WHAT IS BEING ASKED → Your task is to retype, exactly and only, the lines from the one containing "Ajuar de jersey" to the final line of the entries, leaving out all pictures.

Source data:
[Start of section]

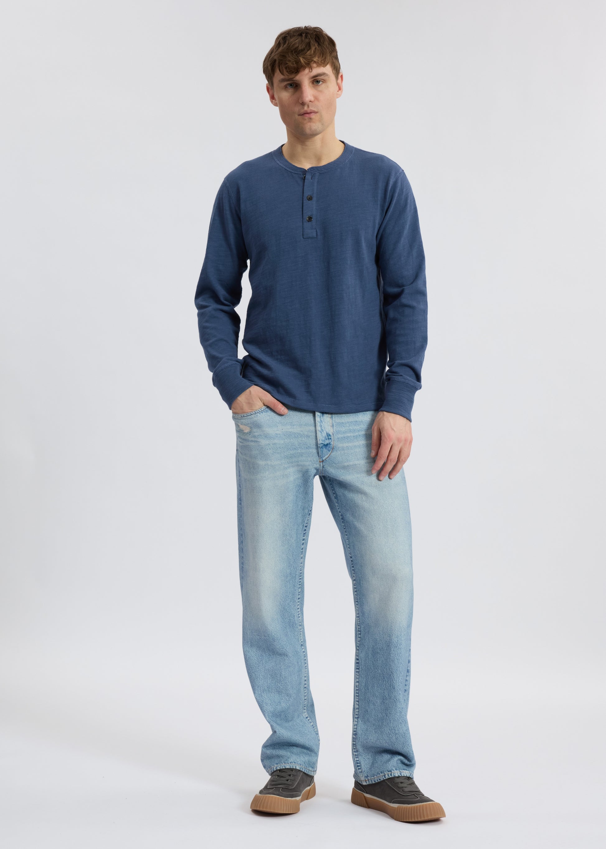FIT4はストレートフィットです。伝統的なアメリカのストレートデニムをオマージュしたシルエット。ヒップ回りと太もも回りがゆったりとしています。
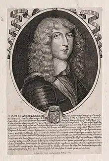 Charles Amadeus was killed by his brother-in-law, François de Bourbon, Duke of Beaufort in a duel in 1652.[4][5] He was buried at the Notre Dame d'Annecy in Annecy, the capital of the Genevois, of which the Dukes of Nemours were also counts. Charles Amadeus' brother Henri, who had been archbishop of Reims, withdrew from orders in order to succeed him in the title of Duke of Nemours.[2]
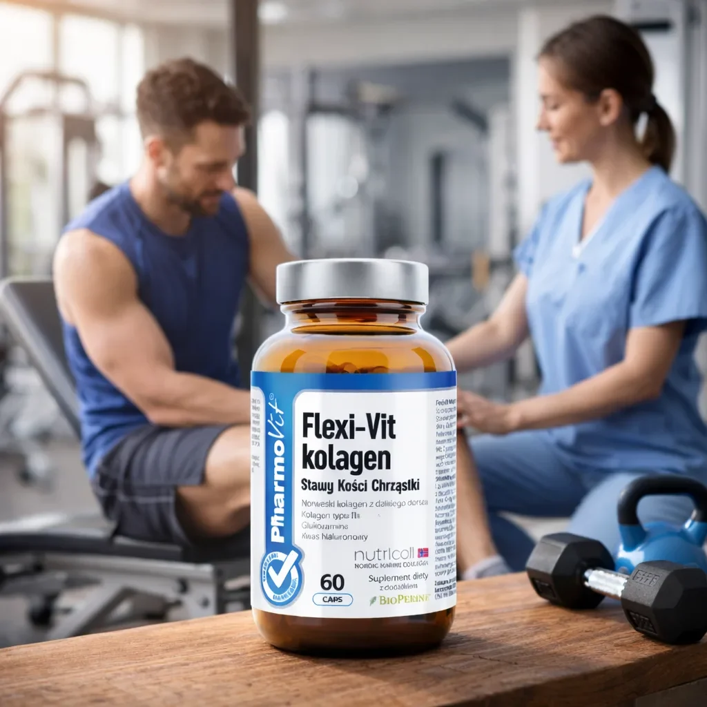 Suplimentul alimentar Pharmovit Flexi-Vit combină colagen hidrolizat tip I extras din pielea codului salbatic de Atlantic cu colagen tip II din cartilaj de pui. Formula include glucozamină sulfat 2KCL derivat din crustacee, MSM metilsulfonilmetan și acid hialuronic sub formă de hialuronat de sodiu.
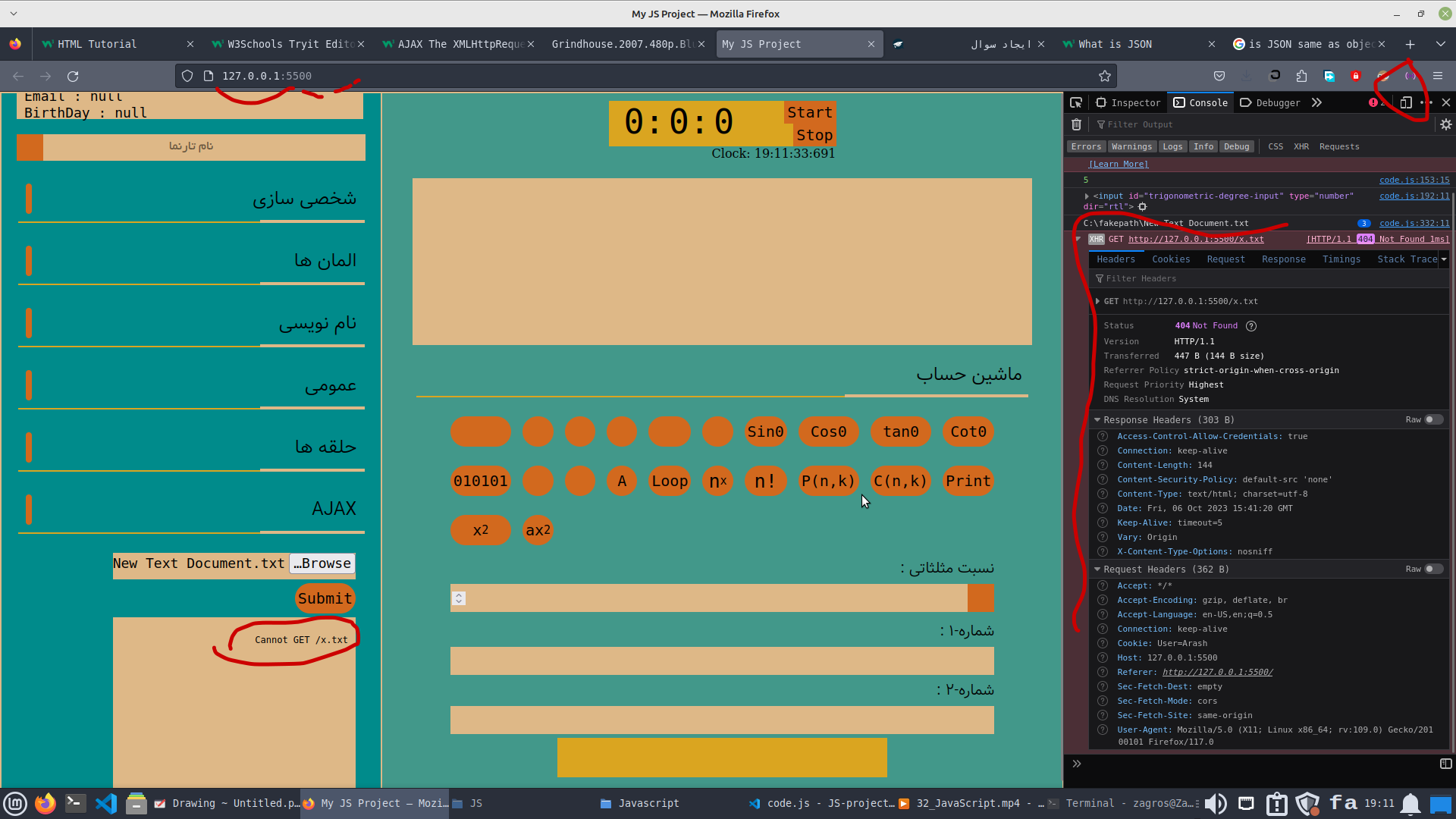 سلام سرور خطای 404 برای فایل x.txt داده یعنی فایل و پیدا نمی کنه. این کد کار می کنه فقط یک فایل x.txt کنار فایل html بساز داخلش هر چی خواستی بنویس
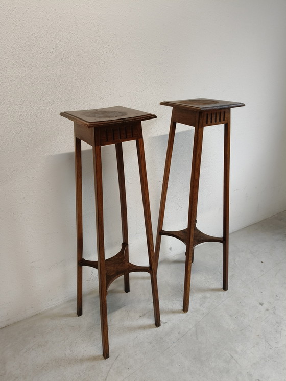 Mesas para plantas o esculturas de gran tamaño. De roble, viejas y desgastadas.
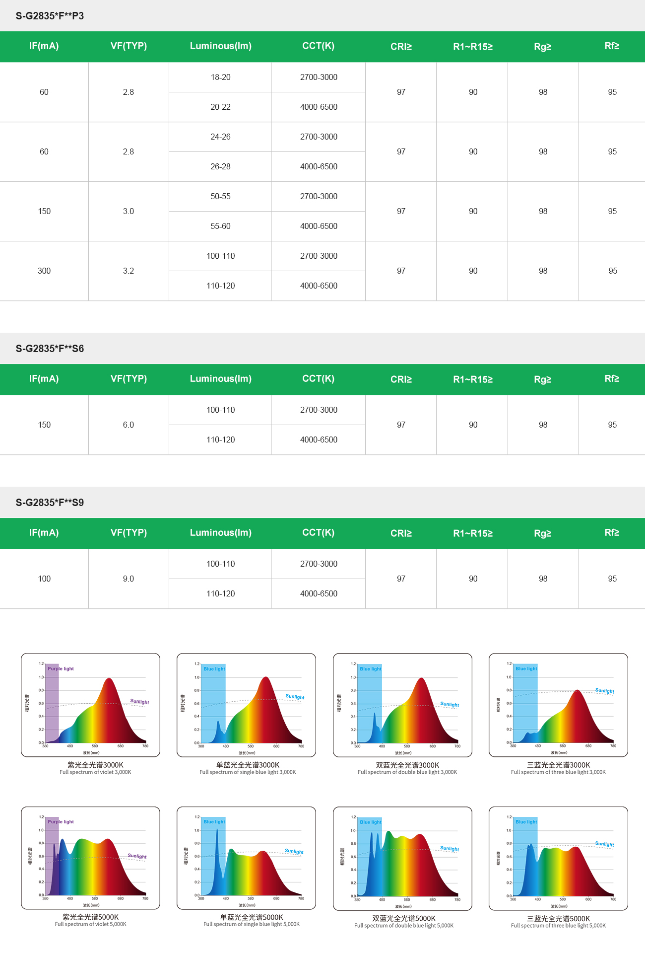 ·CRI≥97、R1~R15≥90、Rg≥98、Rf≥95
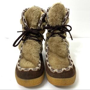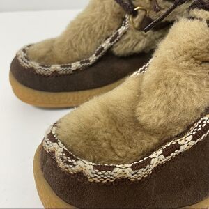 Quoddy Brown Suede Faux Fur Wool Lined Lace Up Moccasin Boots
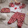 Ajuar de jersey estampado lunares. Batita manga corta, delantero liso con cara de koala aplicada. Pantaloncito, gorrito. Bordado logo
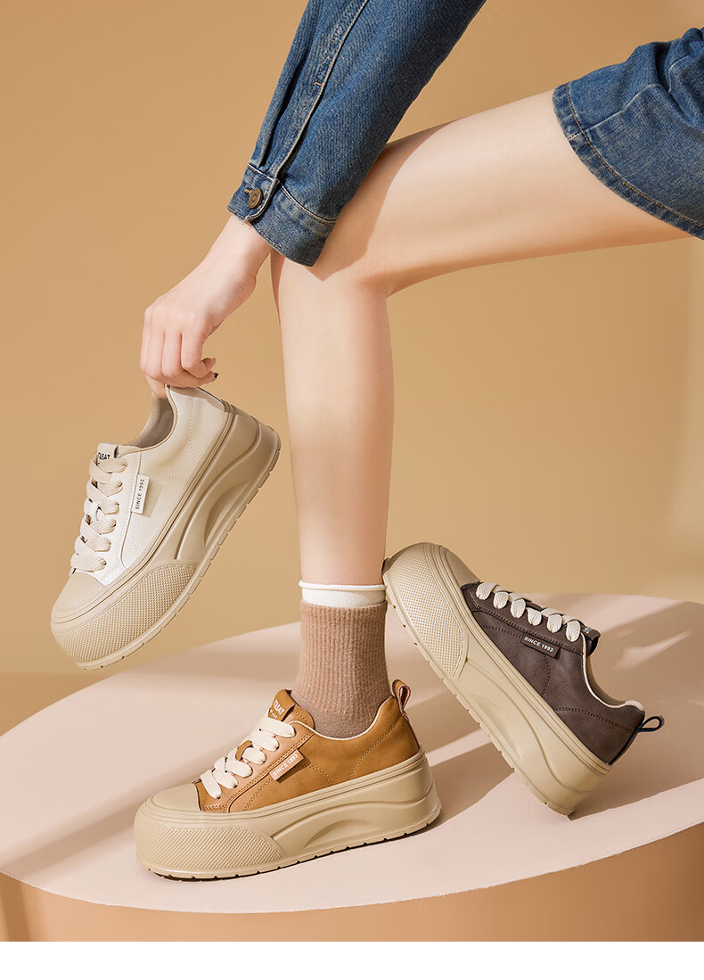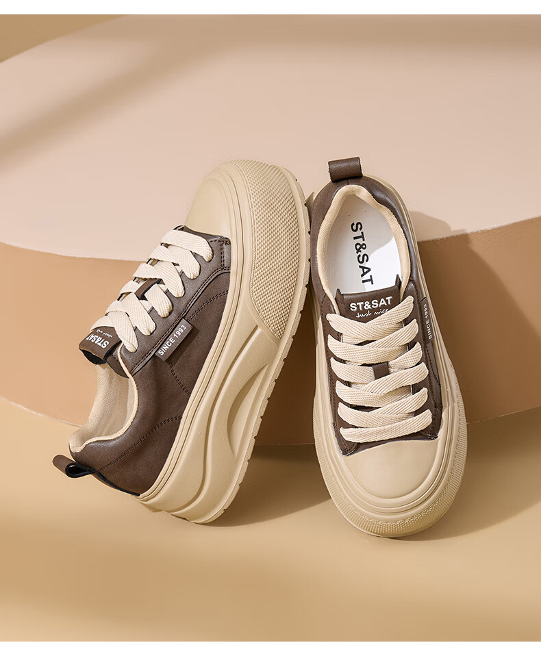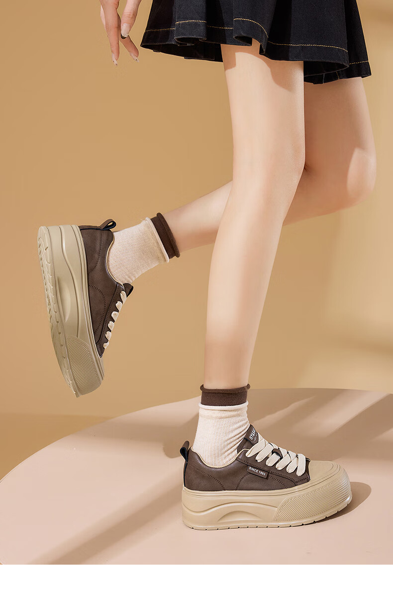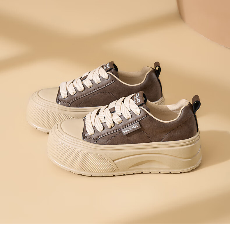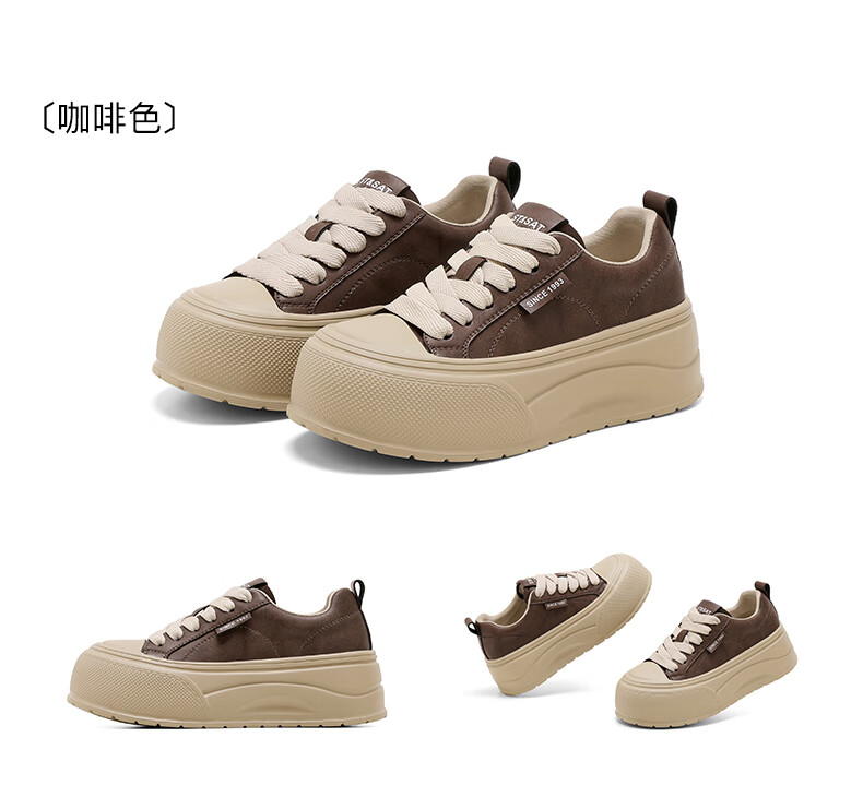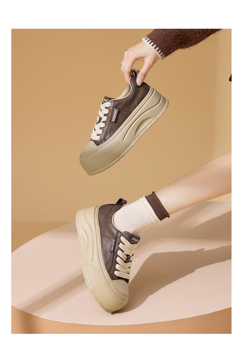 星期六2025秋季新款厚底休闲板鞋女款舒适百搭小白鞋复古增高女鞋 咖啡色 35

[End of section]

TASK RESULT →
 Ajuar de jersey estampado lunares. Batita manga corta, delantero liso con cara de koala aplicada. Pantaloncito, gorrito. Bordado logo
 星期六2025秋季新款厚底休闲板鞋女款舒适百搭小白鞋复古增高女鞋 咖啡色 35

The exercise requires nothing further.